Spot a moose, spot a moose! Majestic mammal first seen in Washington’s Mount Rainier National Park – 350 miles south of where they are usually found
- Park rangers spotted the first-ever moose walking in the snow at Washington’s Mount Rainier
- Elk are a priority species, which means they require special conservation techniques to protect them
- ‘We are very excited about this sighting!’ park officials said in their post
- In 2015, there were an estimated 5,000 moose in Washington, mostly in the Selkirk Mountains, more than 350 miles north of Mount Rainier
Park rangers first spotted moose in Washington’s Mount Rainier National Park on Thursday.

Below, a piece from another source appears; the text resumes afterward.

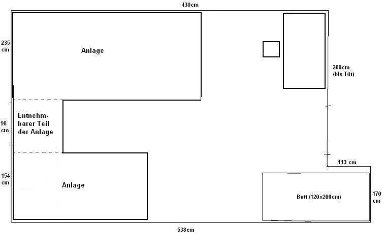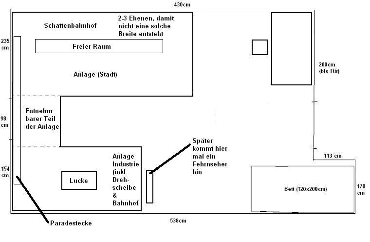 So könnte es meines wissens mit den beiden Ebenen gehen. Die beiden Rechtecke sollen ca den freien Raum dastellen, auch wenn ich noch bisschen was am einzelnen Gleis das da lang geht verändern muss. Sonst ist davor nur Stadt und eine 2 gleisige Strecke, die sich am Anlagenrand langbaumelt. Ein einzelnes Gleis schlängelt sich dann noch auf dem späteren Hügel entlang. Auf dem Linken Anlagenteil ist ein größerer Bahnhof und eine Drehscheibe. Da wäre auch noch platz für weitere Industriegebäude. Der halbkreis, den ich von Hand weiter gezogen habe, geht wärend er den Bogen macht etwas herunter und an der einen Seite zur Drehscheibe hin ist eine Mauer, die den Höhenausgleich zwischen Drehscheibe und dem Gleis dastellt. Im mittleren Anlagenteil ist eine (leider nur kurze) Paradestrecke und wieder die 2 gleisige Strecke.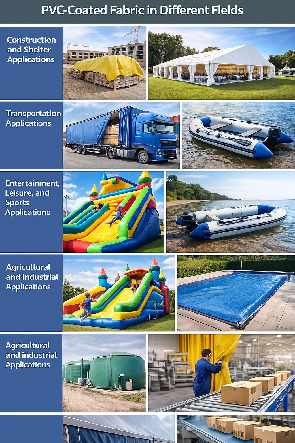 Her er noen av de viktigste bruksområdene for PVC-belagt stoff på forskjellige felt:

The animal walked alone through the snow along Sunrise Road, and park officials shared a photo of the mammal on Facebook.
Elk are considered a priority species by the Washington Department of Fish and Wildlife (WDFW), meaning they require special conservation techniques to protect them.
Such conservation is required because of a species’ population status, sensitivity to habitat change, and/or recreational, tribal, or commercial importance.
Park rangers first spotted moose in Washington’s Mount Rainier National Park on Thursday
As of 2015, there were an estimated 5,000 moose in Washington, most of them in the Selkirk Mountains — more than 350 miles north of Mount Rainier, according to the WDFW.
“This is the first recorded moose sighting from Mount Rainier National Park and southwestern Washington,” the post’s caption read.
“Yes, I know it’s a lot of exclamation points, but we’re very excited about this sighting!”
There are smaller elk populations in the North Cascades, Okanogan, and Blue Mountains.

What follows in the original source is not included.